DAS-RCN / RCN_DASformat

4 stars 1 forks source link

General Naming Conventions and Typing #3

Open miili opened 1 year ago

miili commented 1 year ago

Hello all,

first off, thank you for this first draft.

I know, I know, Fortran once had a limitation of 6 chars for any variable. Please consider using clear self-explaining variables:

DASFileVersion  -> version
domain          -> data_unit
t0              -> start_time
dt              -> sampling_period
GL              -> gauge_length
lats            -> latitudes
longs           -> longitudes
elev            -> elevations
meta            -> additional_data
miili commented 1 year ago

Please use confined dataclasses (https://docs.python.org/3/library/dataclasses.html) for the meta data. Here is a proposal:

from dataclasses import dataclass
from typing import Any, Literal

StrainUnit = Literal["m/m", "cm/m", "nm/m"]

@dataclass
class DASMeta:
    version: int
    data_unit: StrainUnit
    start_time: float
    sampling_period: float
    gauge_length: float
    latitudes: list[float]
    longitudes: list[float]
    elevations: list[float]
    additional_data: dict[str, Any]

    def endtime(self, nsamples) -> float:
        ...
andreas-wuestefeld commented 1 year ago

I chose readability over efficiency. In my experience, your suggestion of classes increase the barrier of entry. For many student this might be their first contact with programming.

I envision this as reference reader, not optimum super-duper high-class reader. It should help people understand the data format.

But I am open for arguments against such approach

andreas-wuestefeld commented 1 year ago

regarding variable names, I am just lazy typing :-) I understand the argument for descriptive names

Let's see what the community thinks

jpmorten-asn commented 1 year ago

My preference is definitely on writing out the variable names using underscores to include spaces.
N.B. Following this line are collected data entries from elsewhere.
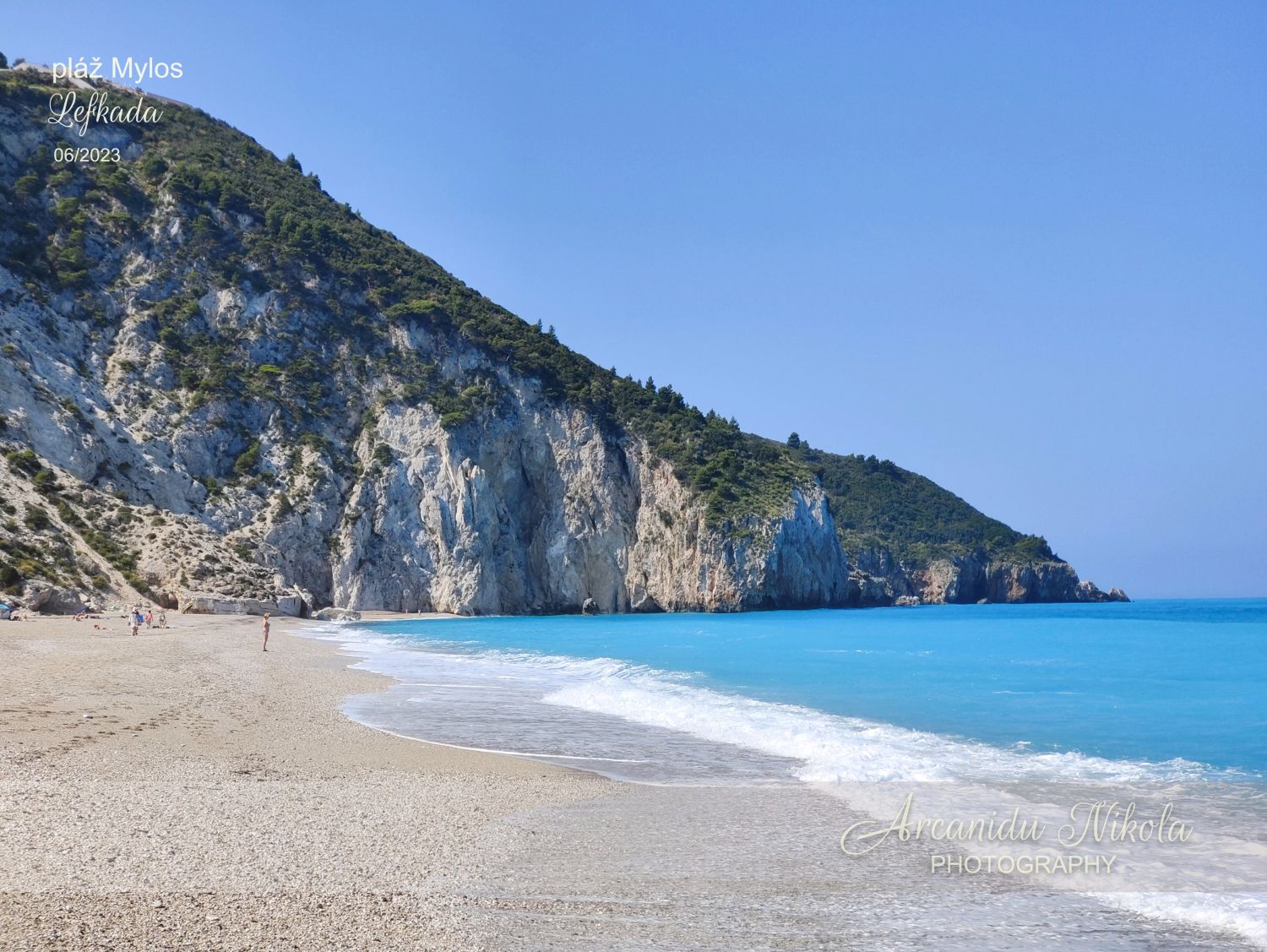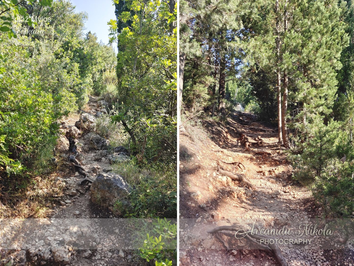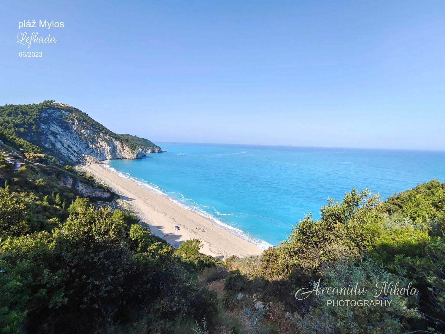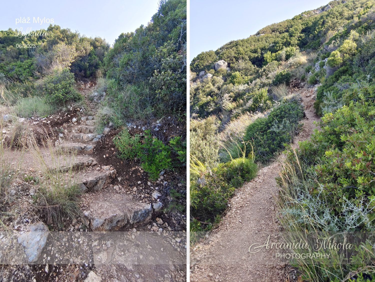 úzké a klikaté cestě pořád nahoru. Kdo má špatnou fyzičku či problém s pohybem, možná to po několika minutách vzdá, otočí se a raději zamíří na pláž v Agios Nikitas… Jestliže vydržíte, stanete na krásném místě, odkud je parádní výhled na pláž Mylos.
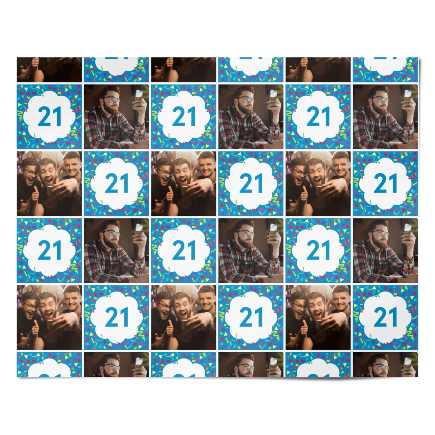 Introducing our Custom Birthday wrapping paper, featuring a grid style pattern with a customisable age and photos. Simply upload your favourite photos or selfies with any age and preview in our customiser tool. Find our full range of Birthday wrapping paper for alternate styles and photo layouts.Â
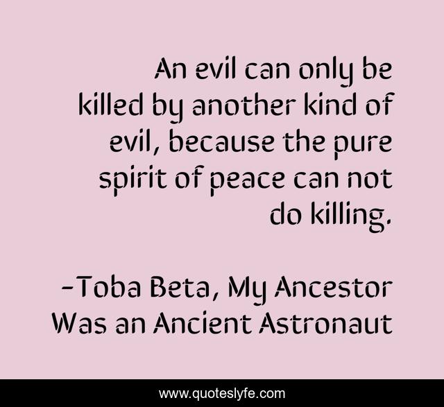 This page presents the quote "An evil can only be killed by another kind of evil, because the pure spirit of peace can not do killing.". Author of this quote is Toba Beta, My Ancestor Was an Ancient Astronaut. This quote is about each-other, life, peace, evil, pure-spirit, secret, kill,.
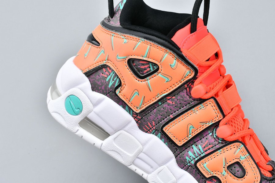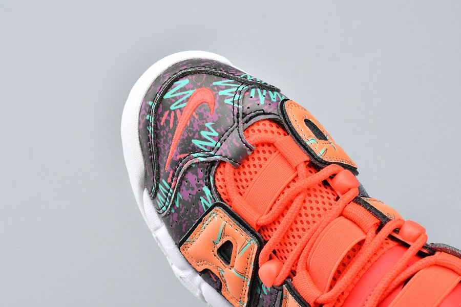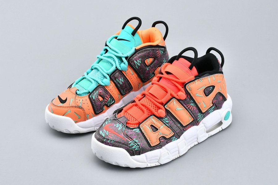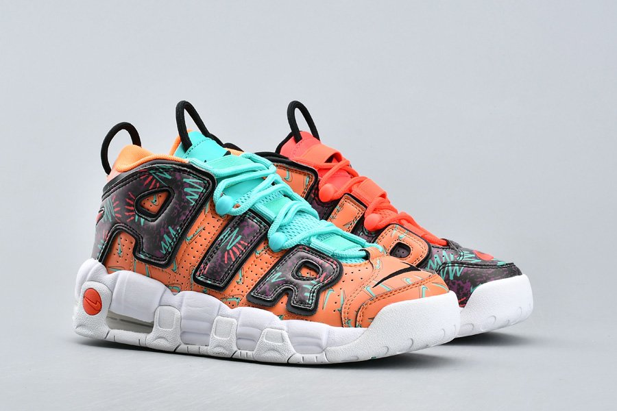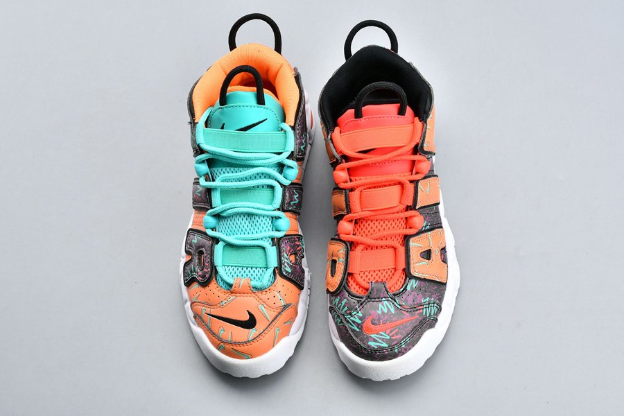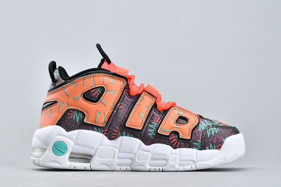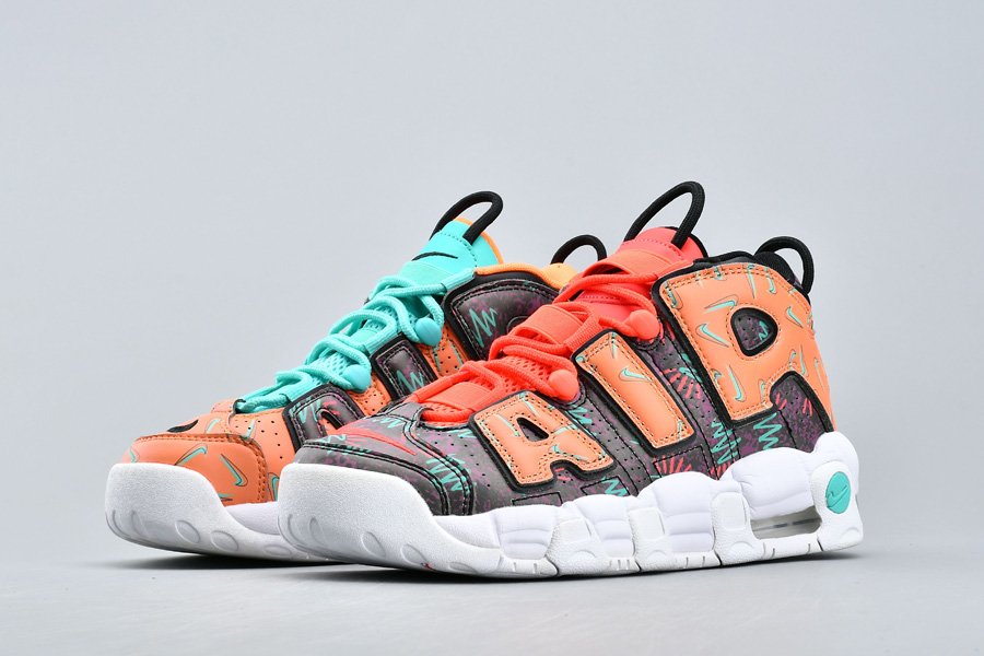 Currently being labeled as the “What The 90s” colorway, this Air More Uptempo takes on a colorful appearance as the shoe takes on a color scheme that includes Total Orange, Black, Hyper Jade, Bordeaux, and more. The orange parts of the upper are hit with miniature teal Swoosh checks while the bordeaux areas are adorned with 90s-inspired graphics. Finishing details include one tongue done in Hyper Jade and the other on orange and a contrasting white rubber sole unit.

This can avoid a lot of misunderstandings and makes it possible to discover the structure of the data even when documentation is not available (lost, or forgotten). I think one aim of the project was indeed to create a discoverable format.
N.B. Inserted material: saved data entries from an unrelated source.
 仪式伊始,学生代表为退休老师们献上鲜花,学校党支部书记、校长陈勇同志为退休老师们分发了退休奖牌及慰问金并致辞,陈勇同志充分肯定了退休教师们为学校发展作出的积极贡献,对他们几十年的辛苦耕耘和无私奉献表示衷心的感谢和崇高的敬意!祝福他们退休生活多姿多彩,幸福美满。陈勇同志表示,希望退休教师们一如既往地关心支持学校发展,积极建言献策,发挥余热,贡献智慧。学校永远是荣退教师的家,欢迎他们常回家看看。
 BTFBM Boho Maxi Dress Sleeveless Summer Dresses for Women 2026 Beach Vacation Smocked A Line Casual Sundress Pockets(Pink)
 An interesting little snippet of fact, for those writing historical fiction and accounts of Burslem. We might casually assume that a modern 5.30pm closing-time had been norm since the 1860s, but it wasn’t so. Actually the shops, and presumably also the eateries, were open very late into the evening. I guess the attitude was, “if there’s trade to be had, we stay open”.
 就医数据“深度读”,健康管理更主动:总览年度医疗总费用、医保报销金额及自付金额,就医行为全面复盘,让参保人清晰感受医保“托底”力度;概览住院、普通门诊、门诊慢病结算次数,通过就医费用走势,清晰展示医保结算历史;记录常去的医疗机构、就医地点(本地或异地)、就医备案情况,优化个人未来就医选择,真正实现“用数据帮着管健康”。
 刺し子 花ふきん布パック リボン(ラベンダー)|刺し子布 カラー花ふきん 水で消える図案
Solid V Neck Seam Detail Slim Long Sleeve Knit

miili commented 1 year ago

In my experience, your suggestion of classes increase the barrier of entry. For many student this might be their first contact with programming.

@andreas-wuestefeld, if we are looking for a sustainable DAS data format we need an elaborate concept. Conceptualization of a data format is nothing for students or beginner programmers. We need performant I/O (layout) and efficient storage (compression).
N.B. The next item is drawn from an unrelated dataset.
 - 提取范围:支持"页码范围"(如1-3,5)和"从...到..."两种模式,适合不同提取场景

I envision this as reference reader, not optimum super-duper high-class reader.

A sustainable data format should be super-duper efficient and versatile!

It should help people understand the data format.

A user does not need to understand a data format. All its complexity has to be abstracted away by a reference library. This is why e.g. ObsPy (libmseed) is so successful, libjpeg or libhdf5.

The fundamental question is whether we are looking for a serious DAS data format implemented by IRIS which can be used for

  1. performant data analysis,
  2. efficient archiving,
  3. possibly streaming and
  4. querying online repositories (similar to FDSNWS)

    or a HDF5 structure for project-internal exchange in February.

andreas-wuestefeld commented 1 year ago

@miili I learned yesterday evening, in response to publishing this format, that IRIS is actually working on / considering a format It may well be that this format is rather short-lived, although I hope it will prove its worth.

I thus changed the potentially misleading name from IRIS (as part of the IRIS RCN efforts) to more general miniDAS. The repro name is still the same but will be hopefully fixed over the weekend.

At this point, I feel it is most important to have a common format for the global month, ideal or not. Your input is very good, and I am happy to hear these comments from someone obviously more familiar with the deep down programming features.

Maybe you can just point out the most easy-to-fix issues here to be implemented (space vs time for example?). variable names can obviously also be adjusted

andreas-wuestefeld commented 1 year ago

implemented. comments on new names are welcome

dcbowden commented 1 year ago

I'm a month late to these discussions. I agree with @andreas-wuestefeld that the formal object-oriented structure is going to be a bit harder for many of us academics to deal with; I also had to wrap my head around how to work with it. That said I agree with @miili that it could be OK, in that most academics & students don't need to worry about the internals! We just need some very user friendly demos before February. Maybe Jupyter Notebooks? Not just a README list of headers and function inputs/outputs, but a full step-by-step guide showing how to load some interrogator's raw output (Silixa, Febus, whatever), declare the metadata object, use the _fromnumpy() function to eventually save the proper output, etc.